- **Exercise brief**: Starting at the first line of the entries below, please return exactly each line up to and including the one with "Die Holzterrasse ist"; pictures stay out.

───── Records provided ─────

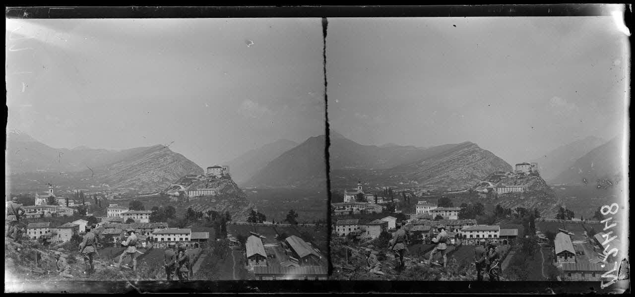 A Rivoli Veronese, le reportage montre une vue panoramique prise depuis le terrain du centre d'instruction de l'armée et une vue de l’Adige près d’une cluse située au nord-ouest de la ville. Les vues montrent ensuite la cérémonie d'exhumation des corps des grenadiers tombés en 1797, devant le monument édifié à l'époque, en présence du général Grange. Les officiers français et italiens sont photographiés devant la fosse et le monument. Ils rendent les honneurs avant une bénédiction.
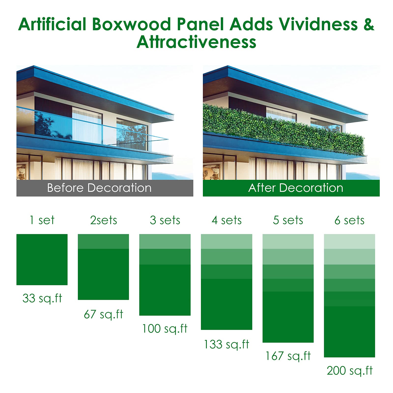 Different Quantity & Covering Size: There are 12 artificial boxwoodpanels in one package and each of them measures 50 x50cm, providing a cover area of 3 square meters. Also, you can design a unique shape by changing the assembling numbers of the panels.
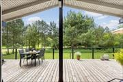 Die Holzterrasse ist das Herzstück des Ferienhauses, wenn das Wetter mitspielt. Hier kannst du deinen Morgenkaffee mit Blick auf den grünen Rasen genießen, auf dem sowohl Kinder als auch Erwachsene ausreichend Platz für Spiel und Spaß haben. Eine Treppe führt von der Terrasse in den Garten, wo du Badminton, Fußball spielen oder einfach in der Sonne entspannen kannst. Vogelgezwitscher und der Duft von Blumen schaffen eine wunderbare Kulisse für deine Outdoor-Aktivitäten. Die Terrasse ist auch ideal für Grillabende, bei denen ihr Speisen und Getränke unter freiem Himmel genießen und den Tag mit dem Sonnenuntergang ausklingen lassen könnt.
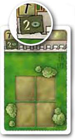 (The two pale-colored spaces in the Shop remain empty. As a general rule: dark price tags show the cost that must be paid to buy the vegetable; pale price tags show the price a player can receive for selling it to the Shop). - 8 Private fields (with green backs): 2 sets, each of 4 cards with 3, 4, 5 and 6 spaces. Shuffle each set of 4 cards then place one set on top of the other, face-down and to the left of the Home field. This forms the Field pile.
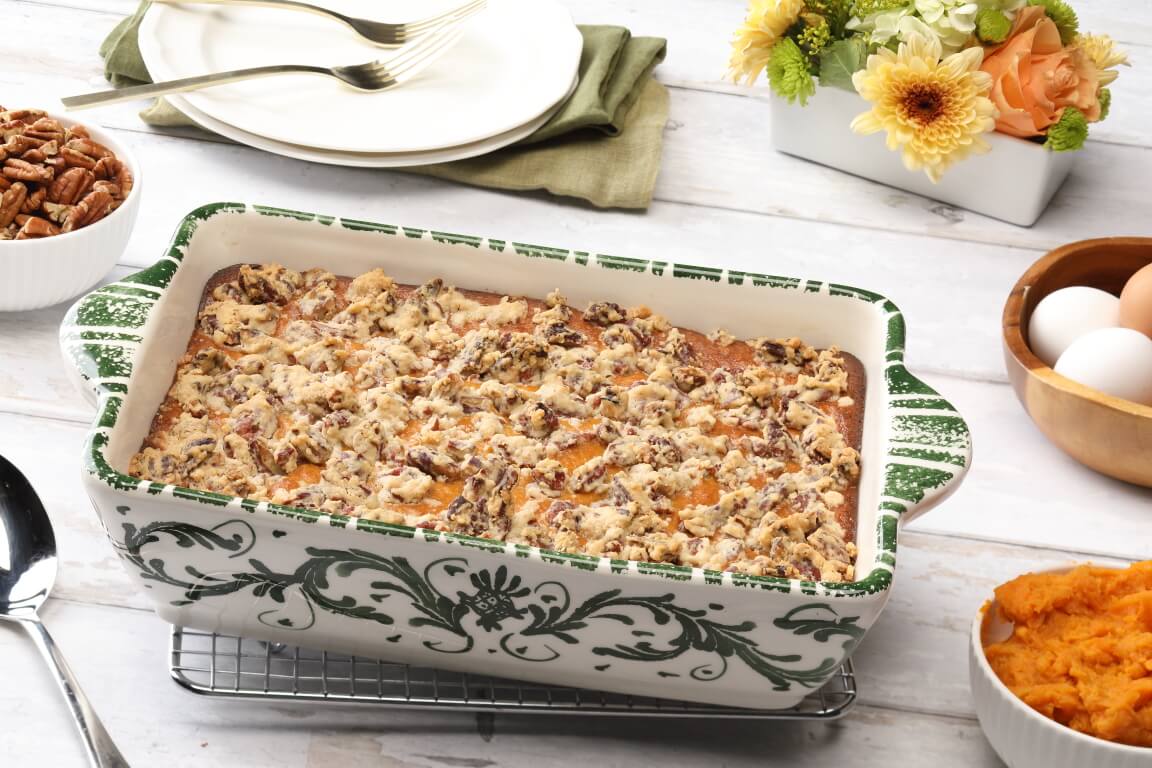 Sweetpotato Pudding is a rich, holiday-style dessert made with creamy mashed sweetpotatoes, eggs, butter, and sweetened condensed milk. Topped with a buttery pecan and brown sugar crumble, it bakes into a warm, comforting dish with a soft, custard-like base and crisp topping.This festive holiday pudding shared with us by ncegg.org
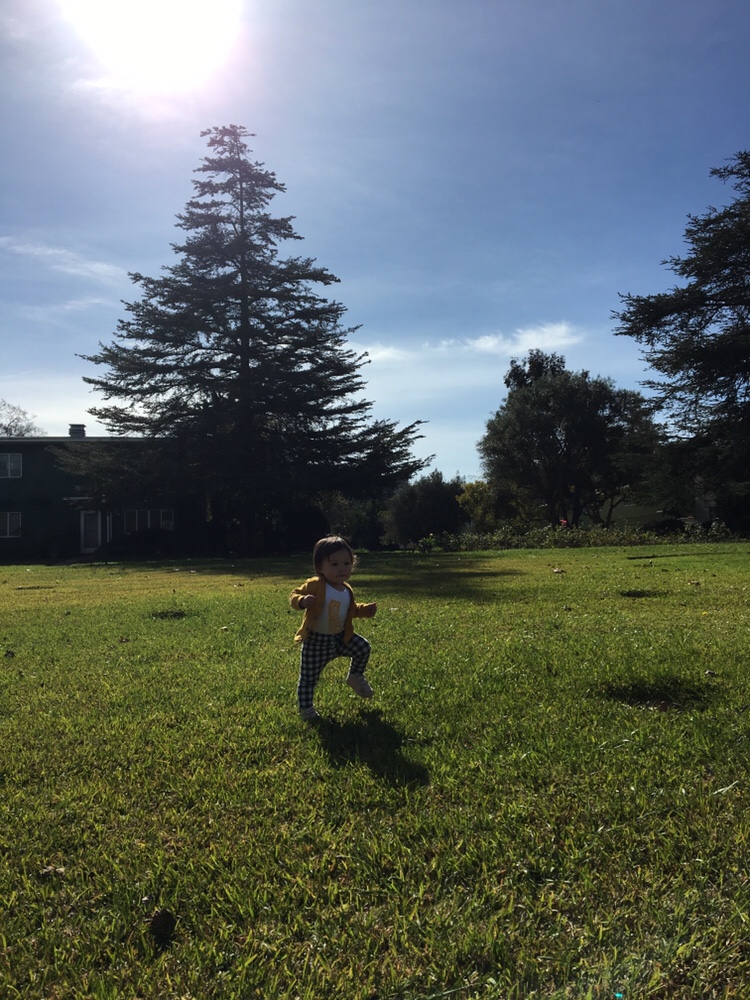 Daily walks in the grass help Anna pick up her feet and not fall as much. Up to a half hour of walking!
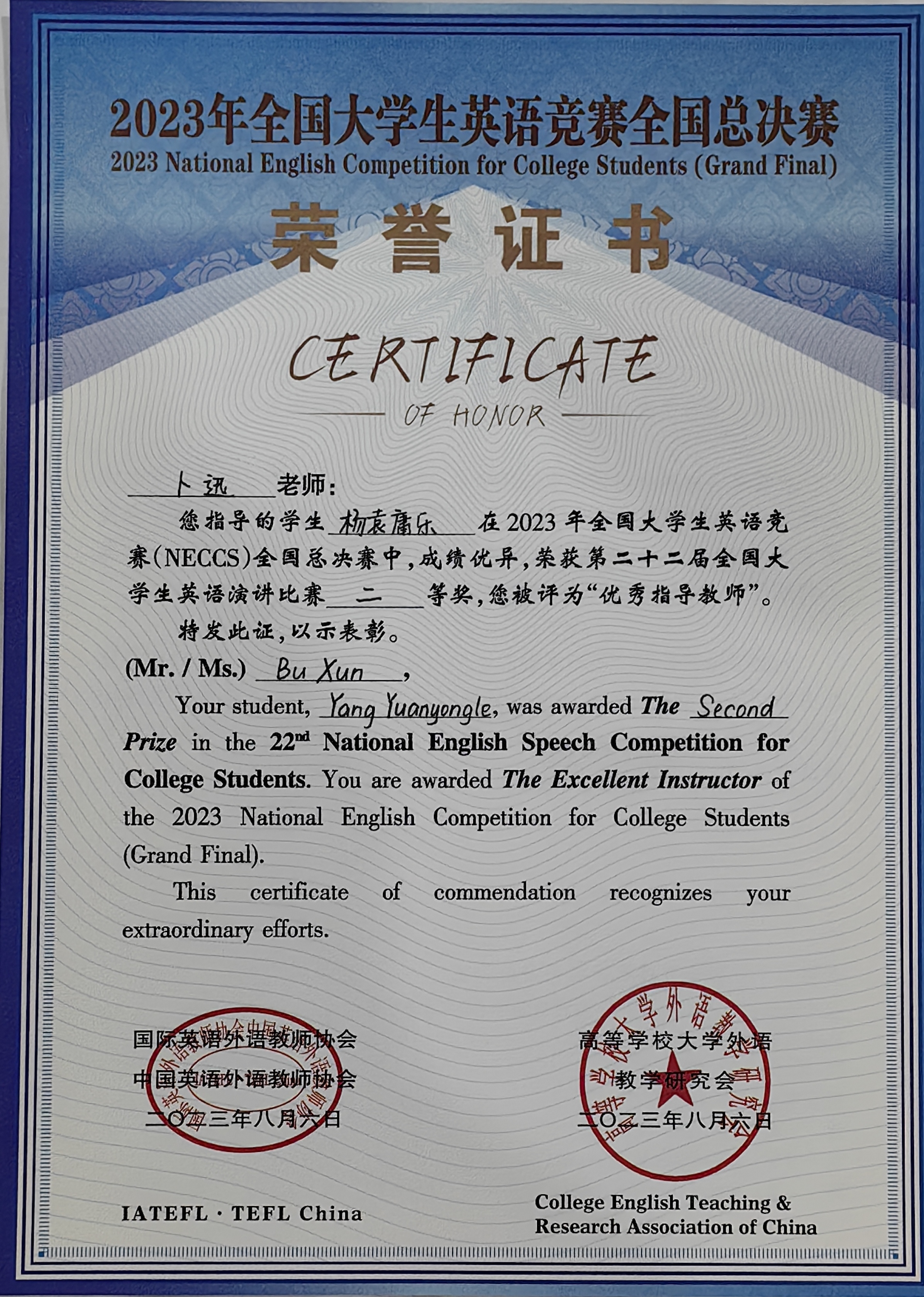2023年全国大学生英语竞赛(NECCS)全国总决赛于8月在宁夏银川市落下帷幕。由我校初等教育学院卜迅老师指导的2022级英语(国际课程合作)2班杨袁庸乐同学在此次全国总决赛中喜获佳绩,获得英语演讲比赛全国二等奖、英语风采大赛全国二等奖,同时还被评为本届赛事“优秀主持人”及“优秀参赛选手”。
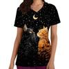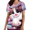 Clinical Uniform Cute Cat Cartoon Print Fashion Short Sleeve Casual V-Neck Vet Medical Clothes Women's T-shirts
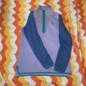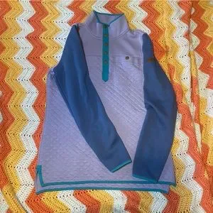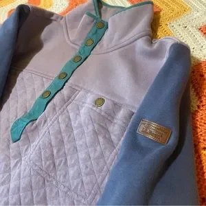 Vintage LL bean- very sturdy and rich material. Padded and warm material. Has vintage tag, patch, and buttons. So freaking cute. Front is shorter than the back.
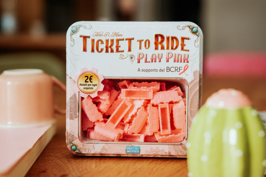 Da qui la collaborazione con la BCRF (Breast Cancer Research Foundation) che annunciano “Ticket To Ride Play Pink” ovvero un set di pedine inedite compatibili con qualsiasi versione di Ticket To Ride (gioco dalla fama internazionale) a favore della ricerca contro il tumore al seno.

─────

- **Your solution**:
 A Rivoli Veronese, le reportage montre une vue panoramique prise depuis le terrain du centre d'instruction de l'armée et une vue de l’Adige près d’une cluse située au nord-ouest de la ville. Les vues montrent ensuite la cérémonie d'exhumation des corps des grenadiers tombés en 1797, devant le monument édifié à l'époque, en présence du général Grange. Les officiers français et italiens sont photographiés devant la fosse et le monument. Ils rendent les honneurs avant une bénédiction.
 Different Quantity & Covering Size: There are 12 artificial boxwoodpanels in one package and each of them measures 50 x50cm, providing a cover area of 3 square meters. Also, you can design a unique shape by changing the assembling numbers of the panels.
 Die Holzterrasse ist das Herzstück des Ferienhauses, wenn das Wetter mitspielt. Hier kannst du deinen Morgenkaffee mit Blick auf den grünen Rasen genießen, auf dem sowohl Kinder als auch Erwachsene ausreichend Platz für Spiel und Spaß haben. Eine Treppe führt von der Terrasse in den Garten, wo du Badminton, Fußball spielen oder einfach in der Sonne entspannen kannst. Vogelgezwitscher und der Duft von Blumen schaffen eine wunderbare Kulisse für deine Outdoor-Aktivitäten. Die Terrasse ist auch ideal für Grillabende, bei denen ihr Speisen und Getränke unter freiem Himmel genießen und den Tag mit dem Sonnenuntergang ausklingen lassen könnt.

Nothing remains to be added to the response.